# [SOURCE INFORMATION]

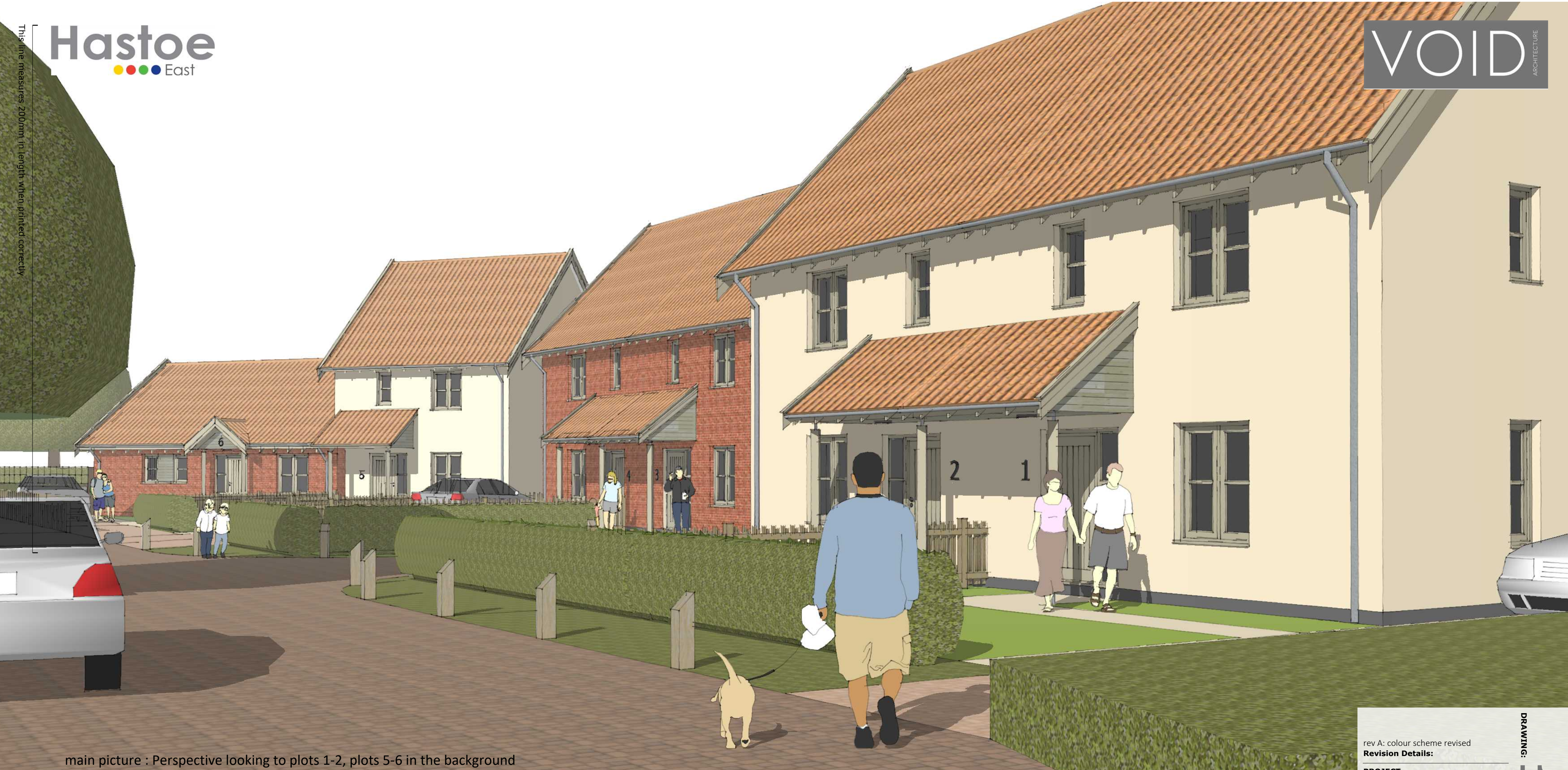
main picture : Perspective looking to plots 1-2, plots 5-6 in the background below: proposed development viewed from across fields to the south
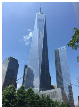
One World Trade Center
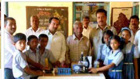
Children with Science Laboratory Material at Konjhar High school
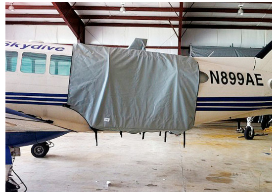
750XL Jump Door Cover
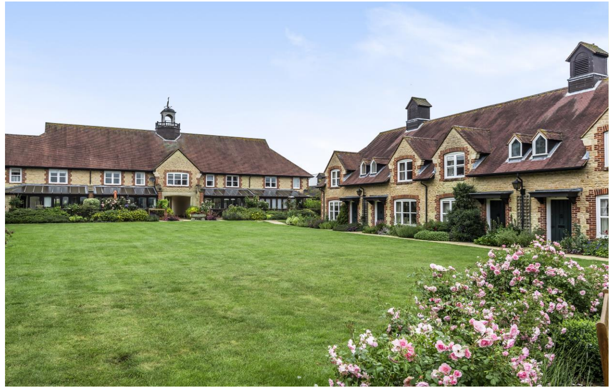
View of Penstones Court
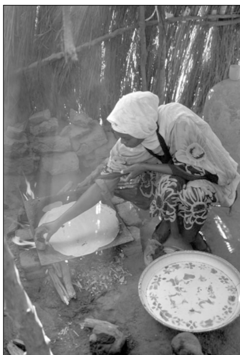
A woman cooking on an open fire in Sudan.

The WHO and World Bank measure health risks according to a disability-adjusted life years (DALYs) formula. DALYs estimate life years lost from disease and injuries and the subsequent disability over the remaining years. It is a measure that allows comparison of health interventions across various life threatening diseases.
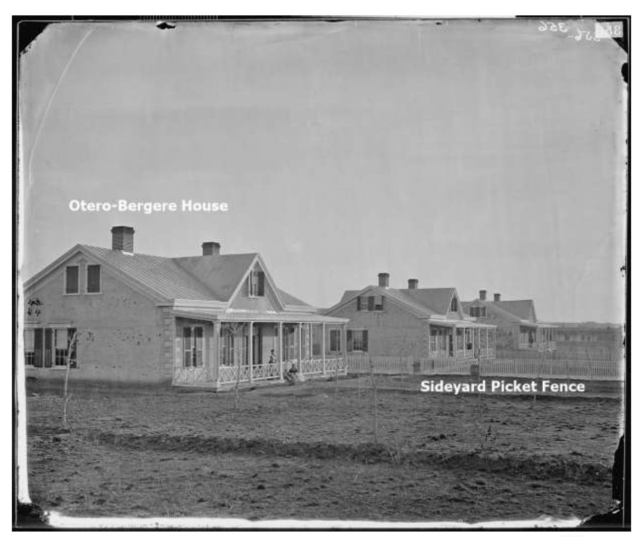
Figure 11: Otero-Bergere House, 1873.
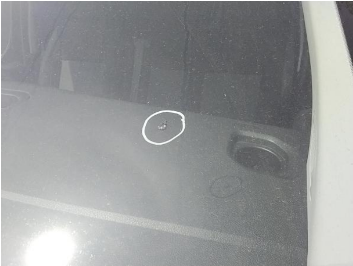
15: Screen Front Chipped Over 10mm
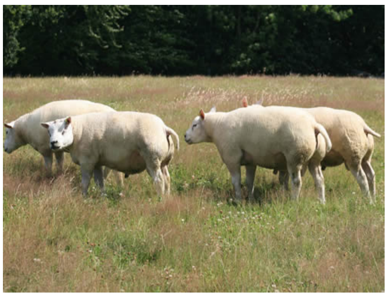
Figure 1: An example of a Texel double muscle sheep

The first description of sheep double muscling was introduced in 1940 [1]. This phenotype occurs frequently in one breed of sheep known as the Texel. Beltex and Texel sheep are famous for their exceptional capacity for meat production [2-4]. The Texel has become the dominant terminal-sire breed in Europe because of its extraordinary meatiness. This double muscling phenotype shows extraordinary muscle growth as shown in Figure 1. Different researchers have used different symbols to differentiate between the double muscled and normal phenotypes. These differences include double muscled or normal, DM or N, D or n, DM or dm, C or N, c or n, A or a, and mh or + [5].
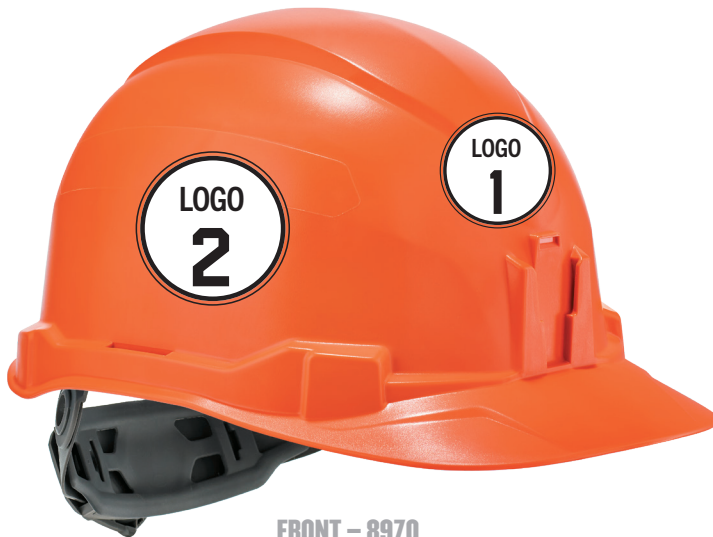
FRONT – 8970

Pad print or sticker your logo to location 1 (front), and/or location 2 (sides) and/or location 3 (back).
* * *
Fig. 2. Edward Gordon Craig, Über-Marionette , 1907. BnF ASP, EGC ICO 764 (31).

# [EXERCISE]
Print exactly the lines above that run from the one with "A woman cooking on an open fire in Sudan." down to the one with "Pad print or", and omit the pictures.

# [PROBLEM SOLUTION]
A woman cooking on an open fire in Sudan.

The WHO and World Bank measure health risks according to a disability-adjusted life years (DALYs) formula. DALYs estimate life years lost from disease and injuries and the subsequent disability over the remaining years. It is a measure that allows comparison of health interventions across various life threatening diseases.
Figure 11: Otero-Bergere House, 1873.
15: Screen Front Chipped Over 10mm
Figure 1: An example of a Texel double muscle sheep

The first description of sheep double muscling was introduced in 1940 [1]. This phenotype occurs frequently in one breed of sheep known as the Texel. Beltex and Texel sheep are famous for their exceptional capacity for meat production [2-4]. The Texel has become the dominant terminal-sire breed in Europe because of its extraordinary meatiness. This double muscling phenotype shows extraordinary muscle growth as shown in Figure 1. Different researchers have used different symbols to differentiate between the double muscled and normal phenotypes. These differences include double muscled or normal, DM or N, D or n, DM or dm, C or N, c or n, A or a, and mh or + [5].
FRONT – 8970

Pad print or sticker your logo to location 1 (front), and/or location 2 (sides) and/or location 3 (back).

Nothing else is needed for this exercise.